The ’80s brought us the near-universal application of fuel injection, and performance quickly came back. Many of us also enjoyed the practicality offered by the hot hatch revolution. 

The ’90s improved safety–air bags, anti-lock brakes and the like–and added even more performance. A turbo? Why not two, as 300 horsepower became the norm. Engineers also made huge improvements in aero, yielding quieter, more efficient cars. 

The biggest gains in the last 20 years? How about more safety, more efficiency and more refinement? Plus, electrification moved from novelty to mainstream. 

Where people look back on the ’60s as the decade of muscle, that crown really goes to today’s cars. Modern performers like the latest Corvette, Shelby GT500, Porsche 911 GT3 and those Tesla sedans are truly revolutionary and not evolutionary. The performance bar has been obliterated when comparing today’s cars to past offerings.

Let’s look back just a few years. In the ’90s, anything that could reach 60 mph quicker than about 8 seconds was seen as fairly impressive. Now, that figure needs to be in the sub-4-second range to even be considered fast. 

Last year, I took the BMW 318is that we built to a couple of track days at Daytona and VIR. It’s well prepped, well tuned and, I thought, pretty quick. It sports a built engine and tuned suspension. Compared to the slowest of today’s modern cars, my cool little E30 BMW was so badly trounced that it was embarrassing.

And these new cars offer so much more civility than my now-vintage BMW. In addition to otherworldly quick acceleration and performance, they’re also smooth, comfortable and efficient. Credit huge advances in turbocharging, fuel injection and engine timing.

Have you driven the latest Civic Type R? Sure, it’s fast, but it’s also surprisingly civil, too. 

Are they future collectibles? Maybe. Some, like the Porsche 911 GT2 RS and Ford GT, didn’t seem to depreciate. People knew a good thing when they saw it. 

Driving several of these recent performers got me thinking: Maybe it’s time for a truly modern supercar in the fleet. But which way to go? Do I borrow some money or apply for a second mortgage to pick up the latest Porsche, Shelby or BMW

Or do I go the GRM route and drag home a later, standard-issue 911 that needs some work and turn that into a GT3-fighter?
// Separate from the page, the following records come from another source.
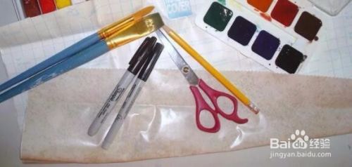 收集其他用品。您还需要一卷塑料自粘搁板纸,图案或颜色不重要。添加剪刀,或其他黑色细线标记,一支铅笔,一盒水彩画和或一个平面的½英寸水彩画全画笔刷。买一张11x14英寸的水彩纸。取出一张纸,并计划在塑料或报纸上覆盖的表面上工作。把纸放在一边。另外,为每个人提供一个水箱。
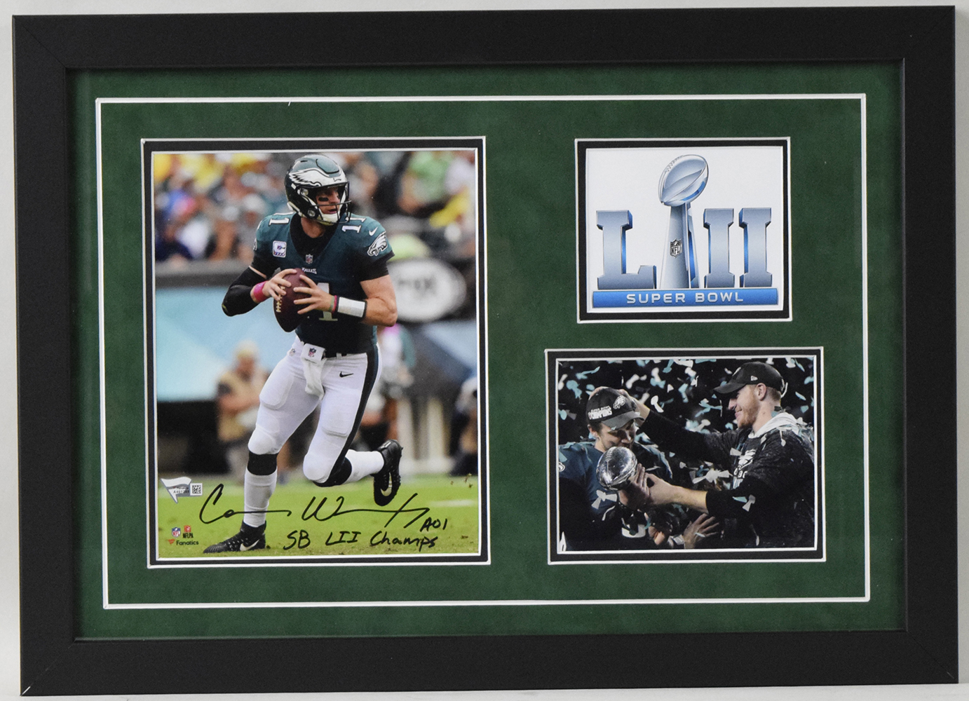 Description:Carson Wentz signed and inscribed framed display piece - Fanatics (NM). 16"x22" framed display containing a photo signed by Wentz in silver marker with "SB LII Champs" inscription. Signature rates 9/10 out of 10. Fanatics serial #ed hologram sticker is on the photo. Due to framing, complete condition is unknown: NM appearance
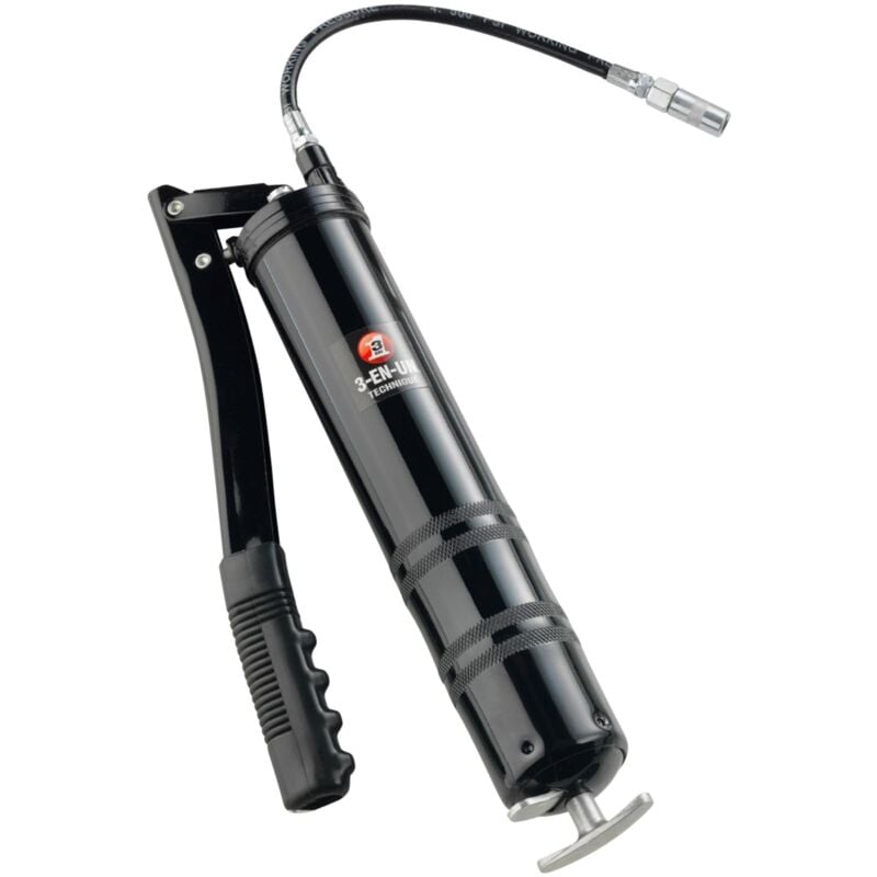 Pompa per grasso 3 in 1. pompa per grasso manuale per l'applicazione di grasso al litio in formato cartuccia da 400 g. utilizzare con cartucce di grasso al litio multiuso. ideale per la manutenzione di cuscinetti, cerniere, alberi, catene, argani, ventole, pale, ingranaggi, batterie, antenne, porte automatiche e scorrevoli, finestre, bracci di camion, ecc. ha una pressione di esercizio di 4.500 psi. progettato con un'impugnatura ergonomica per il massimo comfort. con tubo flessibile da 30 cm e raccordo.
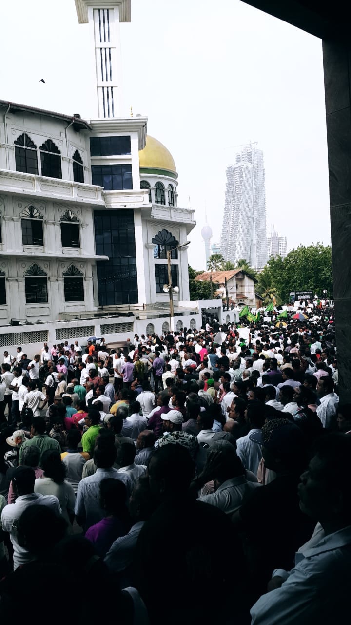 On Tuesday, thousands of protesters gathered near Wickremesinghe’s residence in the south of the capital, holding signs calling on Sirisena to “protect our democracy”.
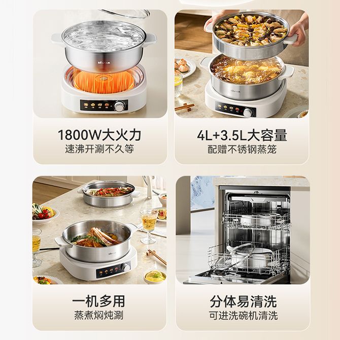 小熊/Bear 电火锅4升配送3.5L不锈钢蒸笼【健康0涂层】304不锈钢速沸电煮锅电蒸锅家用多功能上蒸下煮全钢锅分体式电热锅多用途锅 升级304不锈钢锅 0涂层更健康 耐磨耐用 可放进洗碗机 轻松清洁 兑换价格 11300 里程 会员卡别 终身白金卡 白金卡 金卡 银卡 普通卡 儿童卡 服务 由 广西桂福礼供应链管理有限公司 发货并提供售后 颜色: 其他 购买数量: 件 库存件 配送地址: 立即购买 加入购物车 成功添加到购物车 关闭 购物车共有 种商品 总金额为: 组合销售 产品介绍 产品规格 售后服务 产品咨询 发现好货 苏泊尔(SUPOR)空气炸锅 家用多功能4.2L大容量 烤箱薯条机 无油烟电炸锅 大功率 无油低脂煎炸锅KJ42D811 6500 里程 苏泊尔(SUPOR)空气炸锅家用3L大容量电炸锅 蒸汽嫩炸多功能无油烟煎炸薯条机烤箱KD30DQ815 21700 里程 美的/Midea 空气炸锅 家用5升可视炸锅金属内腔体微蒸汽多功能智能双旋控温电炸锅 KZE5089 10900 里程 美的/Midea 空气炸锅 可视 不用翻面 金属内腔 蒸汽嫩炸 三档烘烤风力 5L KZC5089 10700 里程 小熊/Bear 空气炸锅 4D漩烤不用翻面 全自动 5L实用大容量 可视 蒸汽嫩炸 控油脱脂 炸烤箱一体机 9100 里程
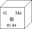 | A. | 原子核內(nèi)質(zhì)子數(shù)為42 | B. | 相對原子質(zhì)量為95.94g |

It would be a cool project, but am I up for a year of pain and parts? Just once, it would be nice to skip the process and get on the pole the easy way. 

[First-time Porsche buyer's guide: 5 models perfect for scratching that itch]

All good projects seem to start with some bench racing, so that’s where I am now: What would you do–buy or build–and what modern performer has captured your fancy?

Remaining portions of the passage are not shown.